To compare the expressions of novel miRNAs between the cervical cancer group and healthy control group, the expressions of miRNA in the two samples were first normalized according to the normalization formula. Normalized expression = Actual miRNA count/Total count of clean reads*1000000. If one miRNA has no read, the normalized read count of this miRNA was set at 0.0134; if the normalized expression level of an miRNA was <1 in both the cervical cancer group and in the healthy control group, this miRNA was excluded from subsequent statistical analysis.

All remaining candidates were searched against miRBase 20.0 to rule out known miRNAs. We chose miRNAs which were detected twice in three replicates as our novel miRNAs candidates and used triplet-SVM methods to rule out pseudo-pre-miRNAs. Triplet SVM is a program developed to integrate the triplet element features of a set of real miRNA precursors and a set of pseudo miRNA hairpins35. Triplet SVM is used for predicting whether a query sequence with hairpin structure is a real miRNA precursor or not. After analysis by Triplet SVM to remove pseudo-pre-miRNAs, the remaining miRNAs were further validated by qRT-PCR.

Quantitative RT-PCR

miRNA first-strand cDNA synthesis kits and miRcute miRNA qPCR detection kits (SYBR) (Tiangen Biotech) were used for qRT-PCR validation of the novel predicted miRNAs. All procedures were performed according to the manufactures' instructions. In the miRcute miRNA qPCR detection procedure, the forward primers were synthesized by Tiangen Biotech Company according to different miRNAs, while the reverse primer was same for all the miRNAs. PCR was performed on an ABI PRISM 7300 detection system and all PCR reactions were performed in duplicate. U6 snRNA was used as an internal control.

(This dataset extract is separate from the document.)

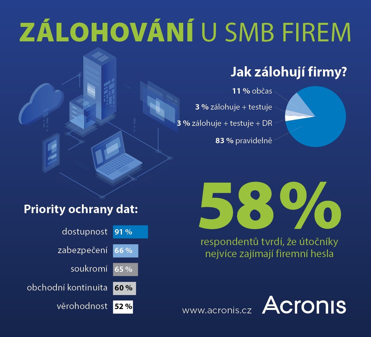 Podle lokálního průzkumu společnosti Acronis věnovaného zálohování dat mezi českými a slovenskými SMB podniky pravidelně zálohuje drtivá většina firem (89 %), avšak jen 6 % z nich zároveň testuje obnovu dat. Respondenti přitom v oblasti kybernetické ochrany dat kladou na dostupnost podnikových dat hlavní důraz.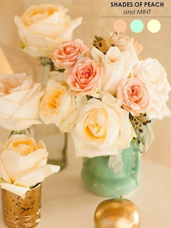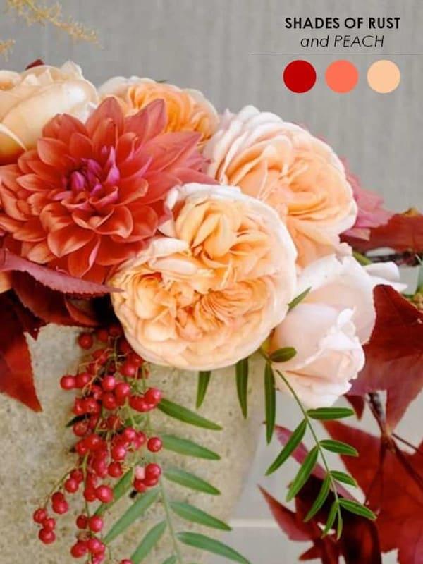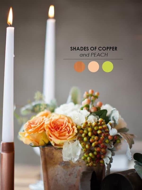 Antes de comenzar, debes saber que la combinación de flores para un centro de mesa es muy amplia, por lo tanto, trataremos de enseñarte las paletas de colores más actuales para que puedas defir mejor qué tipo y color de flores deseas utilizar en la decoración de tu boda.Centro de mesa floral: Tonos cobre y melocotón

miRNA-gene-network and miRNA-GO-network construction

A miRNA-gene-network and a miRNA-GO-network for the two miRNAs were constructed by Genminix Informatics (Shanghai, China)36. Briefly, through target genes function (Gene Ontology, GO) and Pathway-Significant Analysis for the two putative miRNAs, we obtained intersection genes significantly involving GO and the Pathway at the same time. Based on the interactions between the intersection genes and the two putative miRNAs in the Sanger miRNA database, a miRNA-Gene-Network was constructed. The miRNA-GO-network was built according to the relationship of significant GOs and genes and the relationships among miRNA and genes.

Statistical analysis

The expression levels of miRNAs were calculated by 2−ΔΔCt method as follows: ΔΔCt = (CtmiRNA − CtU6snRNA) patients − (CtmiRNA − CtU6snRNA) controls. After testing for normality with Kolmogorov-Smirov and two-sample t tests, data were presented as the median (interquartile range) or mean values and were compared using Mann-Whitney U test or Student t test between groups. P values of ≤0.05 were considered statistically significant. Receiver Operating Characteristic (ROC) curves were made to determine the diagnostic value. Statistical analyses were performed with SPSS software (version 19.0, IBM, USA).